The New South Wales Ministry for Police and Emergency Services, a former department of the Government of New South Wales between April 2011 and July 2015, had responsibility for the development and coordination of law enforcement and emergency management policy and advice to the Ministers for Police and for Emergency Services. Up until its abolition, the Ministry was also responsible for the coordination of recovery functions including disaster welfare services.

At the time of its abolition, the Minister for Police and Minister for Emergency Services was the Hon. Troy Grant .
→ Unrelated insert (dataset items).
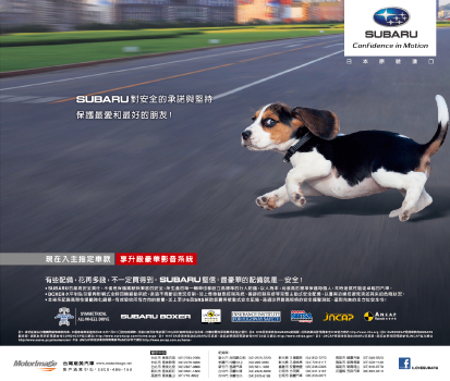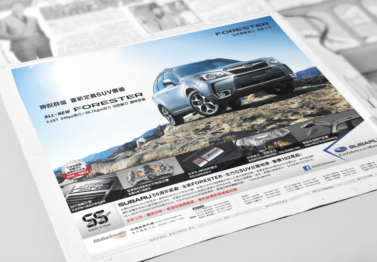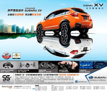 下左:SUBARU XV是一輛可以帶你到野外,也可以輕易穿梭擁擠都市的跨界休旅車,因此以水面倒影呈現2種明亮車色,各自迎向都市、山林的兩種空間,展現跨界玩味的樂趣。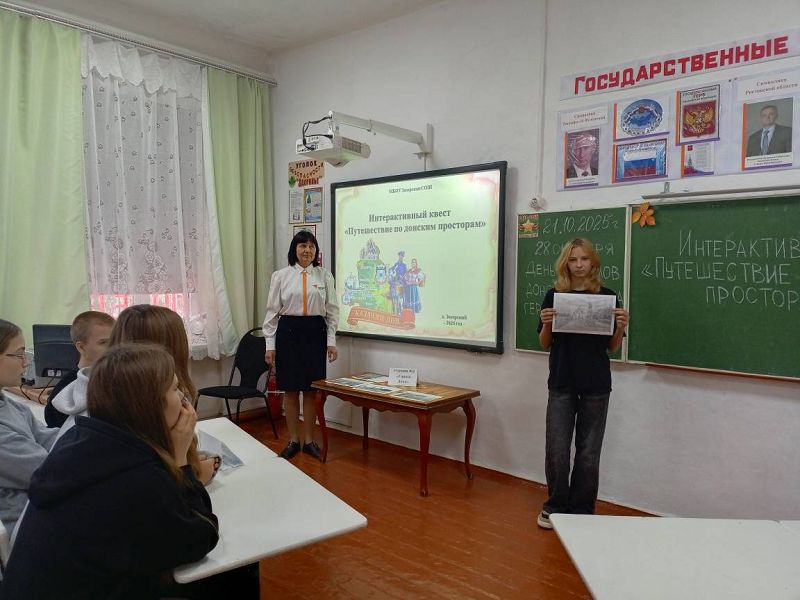 С классными руководителями 9 и 10 классов, учителем истории Высочевой Л. Е. и Борисовой Н.И. организован интерактивный квест "Путешествие по донским просторам". Ребята познакомились с историей, природой и казачьими традициями донского региона. В рамках флешмоба "Гимн в сердцах" самые активные обучающиеся нашей школы исполнили гимн Ростовской области с донскими символами в руках.
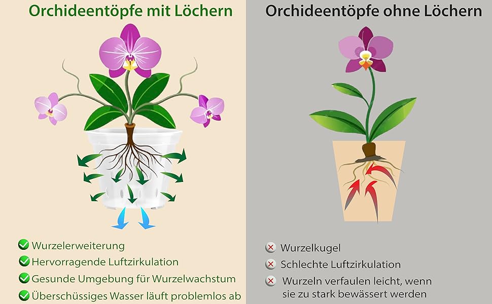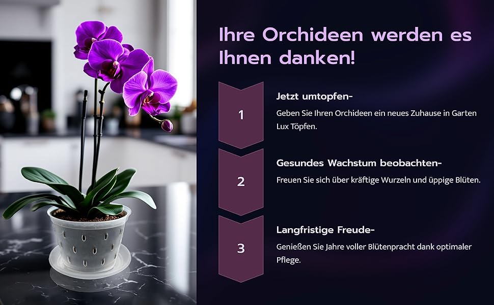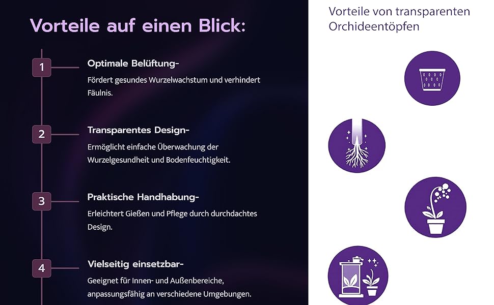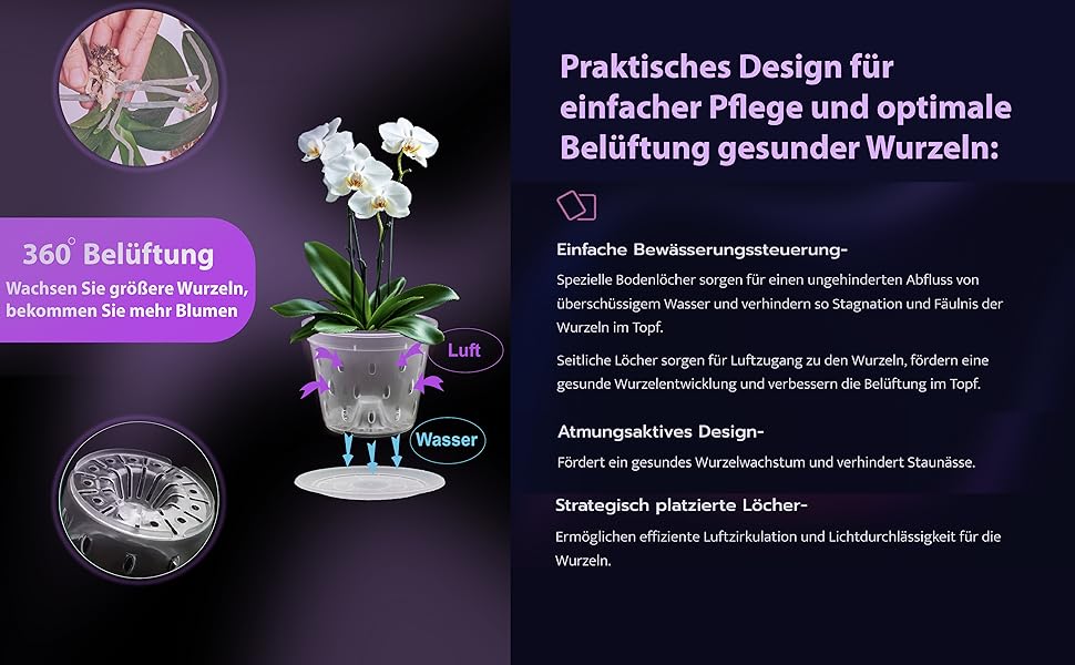Ideal für Orchideenliebhaber und Pflanzenfreunde, die Wert auf gesundes Wachstum, saubere Bewässerung und eine ansprechende Präsentation legen.

The role of the Ministry also encompassed operational and planning issues which affect the economic, environmental and social wellbeing of the State, by providing the framework to prepare for and recover from disasters caused by natural means or a terrorist incident. It had a leading role in ensuring the delivery of appropriate policies and plans by other portfolio agencies to the people of NSW. The Ministry's role was wide-ranging, spanning policy development, ministerial support, operational coordination, crisis management, grants administration, delivery of training and control of several websites and public communications platforms.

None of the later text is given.